Rezumat
The following article attempts to dismantle the assumptions that the vertical comparative methods, especially those using a bottom-up approach, from national to international level, are surrounded by intricacies related to the internalization of international norms, in the context in which the contemporary administrative and legislative measures tend to be divided into two categories: (a) those related to the State’s economic intervention (public policy of direction) and (b) those pertaining to the protective and anticipatory legal intervention (public policy of protection). The fundamental issue that needs to be addressed is whether it is possible to refine the concept of longitudinal comparative approach, correlated to the intrinsic elements of traverse comparative approaches of contemporary Consumer Law.

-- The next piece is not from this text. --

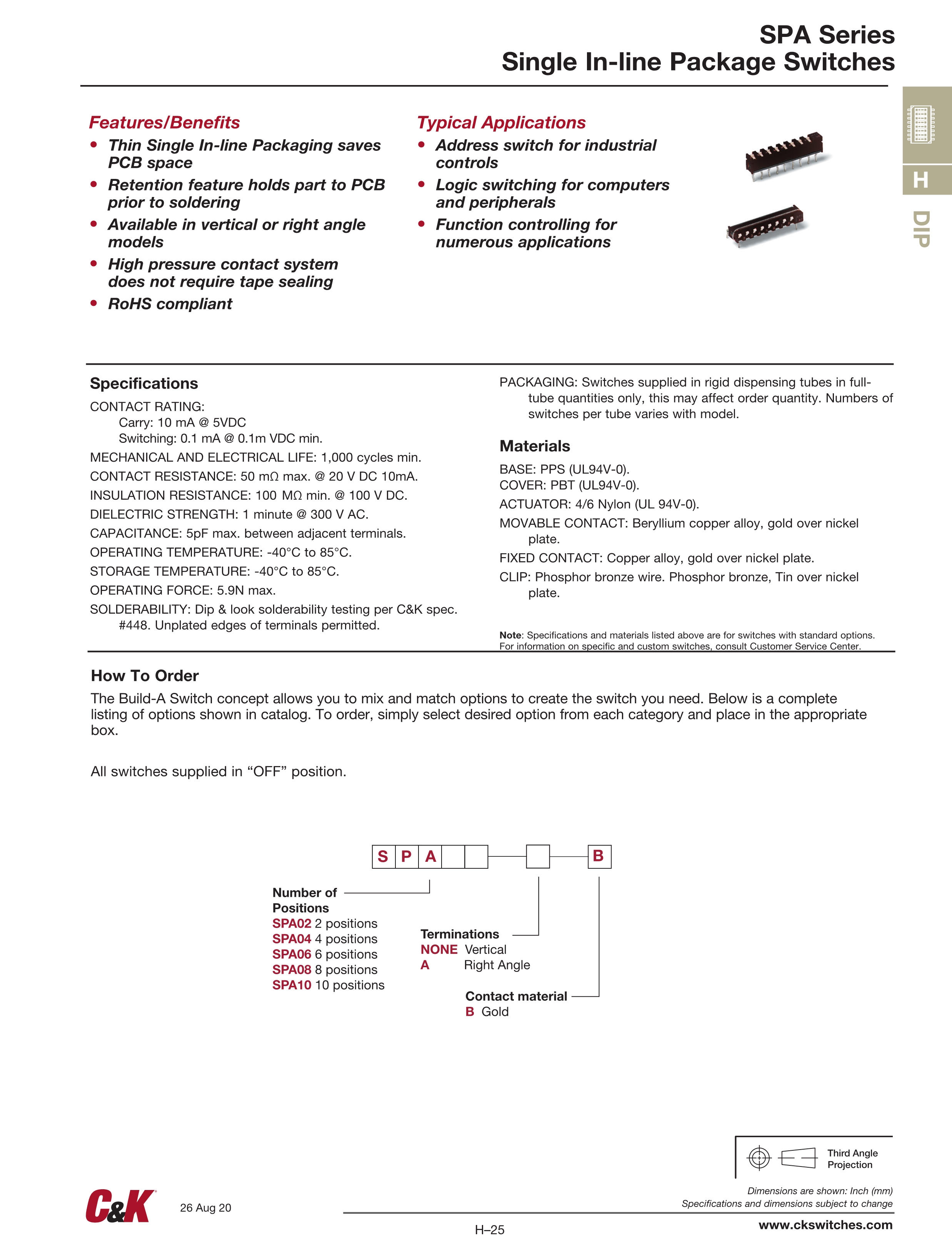 C&K拨码开关SPA系列

Furthermore, there is a contrast to be marked between longitudinal comparison, based on analogies which are made between legal systems of the past, in order to extract essential features valuable in the approaching of contemporary legal order and, in an antagonistic manner, the traverse comparative approach of Consumer Law which valorises the main trends of contemporary legal orders, while simultaneously approaching features from several contemporary legal systems. Several studies have been focusing on the problematic of horizontal/vertical comparative methodology, as well as to the intricacies characterizing the longitudinal/traverse comparative approaches of Consumer Law; nevertheless, there is space left for investigating the extent to which vertical comparative methodology represent an adequate means to deliver accurate information on legal transplants and conceptual trends in national legal orders related to the number of the compared legal systems, both from the angle of bilateral comparative law, while the comparison is carried out as a dichotomy of two legal systems, as well as from the perspective of multilateral comparative law, when the comparison takes place between more than two legal systems, using a variable-oriented approach. As an explanatory example of vertical comparative approaches of Consumer Law, we will use the comparative analyses at national level on the judicial meaning of the notion of mandatory rules and the various degrees in the extent to which a mandatory rule must be applied through the means of consumer legal protection. Secondly, vertical comparative approaches are also helpful in investigating the national ‘absorption’ of specific regulations on the professionals’ pre-contractual liability, which takes shape in all the cases where the professional – consumer relationship implies the duty of transparency.